* Exercise:
Copy out every line of the data exactly; do not include the images.

* Dataset content:
- Opening Delimiter -

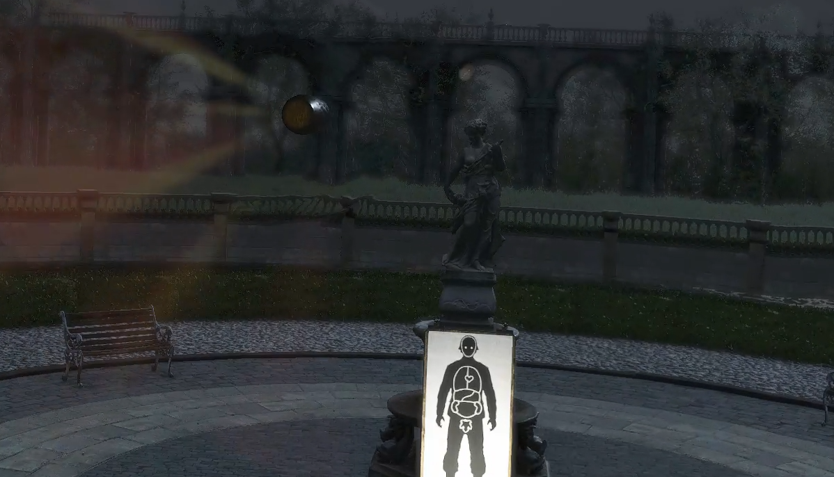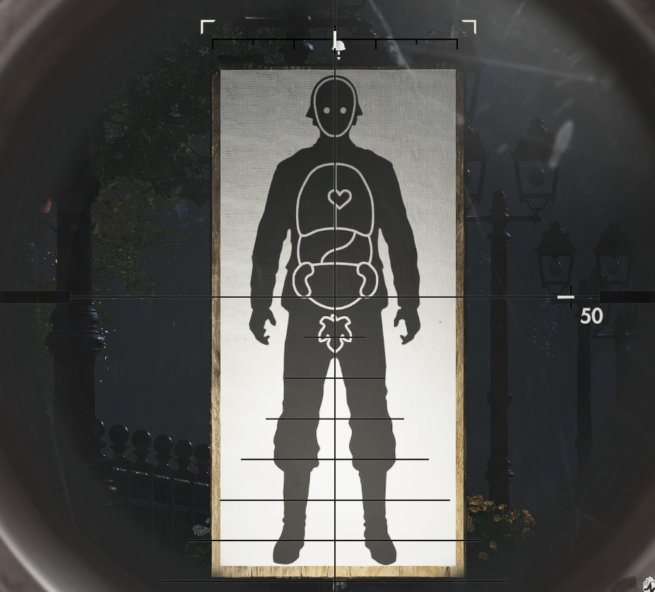 Quand vous tirez réellement, vous pouvez voir qu’il y a une statue de pierre derrière la cible.
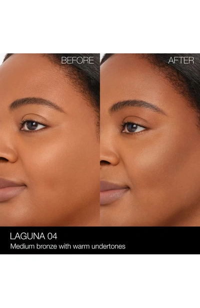 What it is: An iconic powder bronzer in nine talc-free shades to create instant warmth that lasts all day. Who it's for: Ideal for all skin types and tones.What it does: Bring on the bronze with this iconic bronzing powder formula in nine talc-free shades. Silky pigments instantly deliver long-lasting warmth with all-day comfort. Finely milled powders seamlessly build and blend to create a lit-from-within glow, while translucent microspheres smooth skin texture for a perfected complexion. The powder can be used to contour, define or enhance the look of tanned skin. The nine bronze shades enhance the look of tanned skin for all skin tones. How to use: For fair and light complexions, select a Laguna Bronzing Powder with a neutral or warm undertone. For deeper complexions, select one with red or neutral undertones to enhance depth and dimension. To create soft, allover warmth, swirl Laguna Bronzing Powder onto the apples of cheeks, blending outward and upward along the cheekbones. Sweep a small amount across the forehead and bridge of the nose for an additional sunkissed look. For a contoured effect, apply Laguna Bronzing Powder one to two shades deeper than the natural skin tone in the hollows of the cheekbones and jawline. Use remaining pigment to blend onto the neck and décolletage to prevent lines of demarcation. Apply in a circular motion, continuously buffing and blending, to avoid harsh lines.
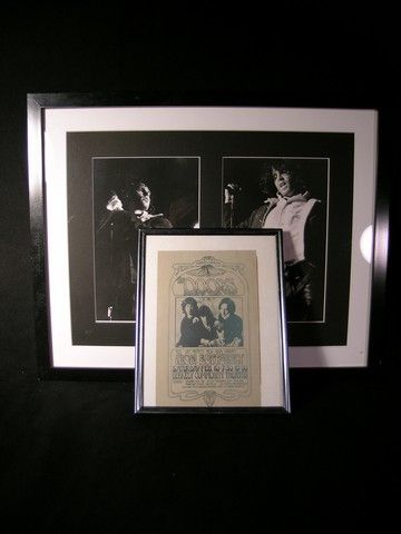 Two rare items from the legendary Jim Morrison and The Doors. First is a framed set of two B&W photos that capture the essence of Jim Morrison in concert (measures approx. 17"x 21"). The second item is a framed handbill advertising a concert at the Berkely Community Center with The Doors and 60's rock band Iron Butterfly (measures approx. 8"x 10"). Oversized item. Additional postage required.

- Closing Delimiter -

* Answer:
 Quand vous tirez réellement, vous pouvez voir qu’il y a une statue de pierre derrière la cible.
 What it is: An iconic powder bronzer in nine talc-free shades to create instant warmth that lasts all day. Who it's for: Ideal for all skin types and tones.What it does: Bring on the bronze with this iconic bronzing powder formula in nine talc-free shades. Silky pigments instantly deliver long-lasting warmth with all-day comfort. Finely milled powders seamlessly build and blend to create a lit-from-within glow, while translucent microspheres smooth skin texture for a perfected complexion. The powder can be used to contour, define or enhance the look of tanned skin. The nine bronze shades enhance the look of tanned skin for all skin tones. How to use: For fair and light complexions, select a Laguna Bronzing Powder with a neutral or warm undertone. For deeper complexions, select one with red or neutral undertones to enhance depth and dimension. To create soft, allover warmth, swirl Laguna Bronzing Powder onto the apples of cheeks, blending outward and upward along the cheekbones. Sweep a small amount across the forehead and bridge of the nose for an additional sunkissed look. For a contoured effect, apply Laguna Bronzing Powder one to two shades deeper than the natural skin tone in the hollows of the cheekbones and jawline. Use remaining pigment to blend onto the neck and décolletage to prevent lines of demarcation. Apply in a circular motion, continuously buffing and blending, to avoid harsh lines.
 Two rare items from the legendary Jim Morrison and The Doors. First is a framed set of two B&W photos that capture the essence of Jim Morrison in concert (measures approx. 17"x 21"). The second item is a framed handbill advertising a concert at the Berkely Community Center with The Doors and 60's rock band Iron Butterfly (measures approx. 8"x 10"). Oversized item. Additional postage required.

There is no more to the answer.